DATASET CONTENT:
■ ■ ■ ■ ■

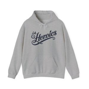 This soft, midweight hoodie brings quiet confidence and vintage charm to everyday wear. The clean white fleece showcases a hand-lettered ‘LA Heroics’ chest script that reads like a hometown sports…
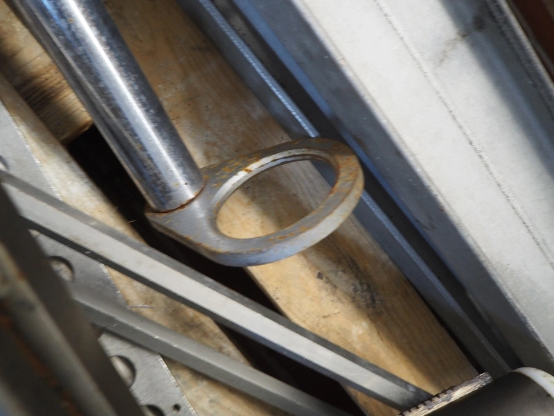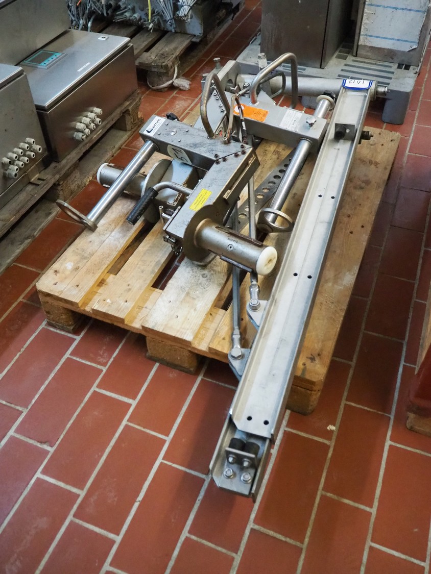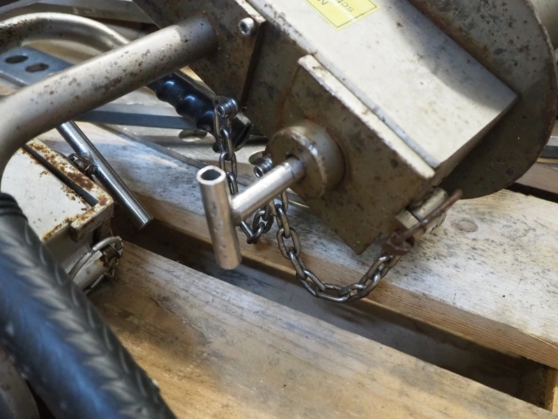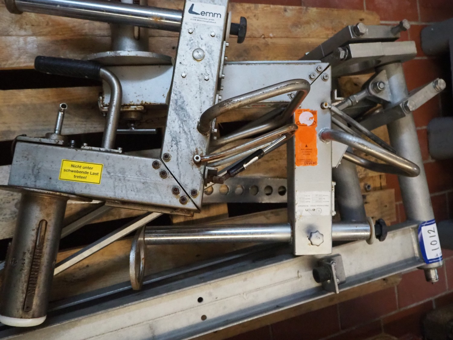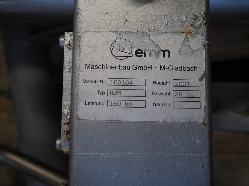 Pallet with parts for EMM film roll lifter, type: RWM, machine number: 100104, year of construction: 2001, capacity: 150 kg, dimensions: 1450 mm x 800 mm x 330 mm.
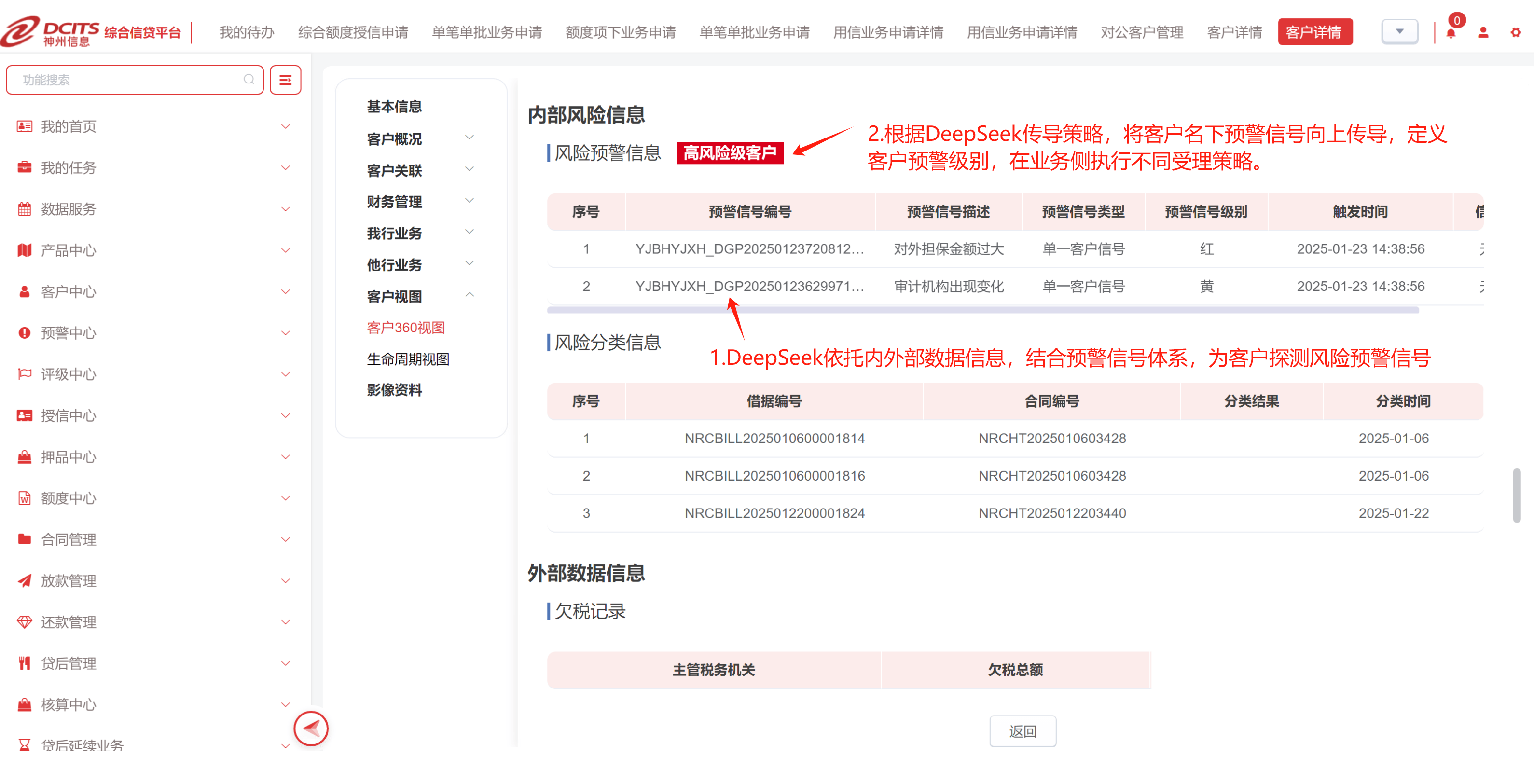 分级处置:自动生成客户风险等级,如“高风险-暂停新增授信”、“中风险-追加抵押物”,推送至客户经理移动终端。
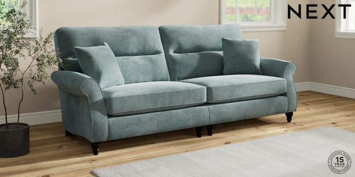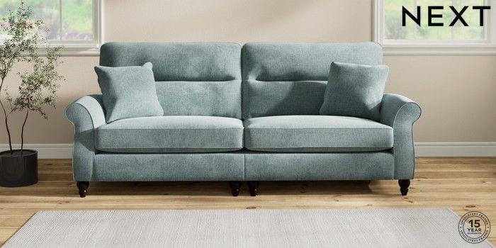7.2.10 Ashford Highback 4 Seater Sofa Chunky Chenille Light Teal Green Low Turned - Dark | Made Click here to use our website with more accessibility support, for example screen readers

■ ■ ■ ■ ■

Make an exact copy of the listing. Do not carry over its pictures.

EXERCISE SOLUTION:
 This soft, midweight hoodie brings quiet confidence and vintage charm to everyday wear. The clean white fleece showcases a hand-lettered ‘LA Heroics’ chest script that reads like a hometown sports…
 Pallet with parts for EMM film roll lifter, type: RWM, machine number: 100104, year of construction: 2001, capacity: 150 kg, dimensions: 1450 mm x 800 mm x 330 mm.
 分级处置:自动生成客户风险等级,如“高风险-暂停新增授信”、“中风险-追加抵押物”,推送至客户经理移动终端。
7.2.10 Ashford Highback 4 Seater Sofa Chunky Chenille Light Teal Green Low Turned - Dark | Made Click here to use our website with more accessibility support, for example screen readers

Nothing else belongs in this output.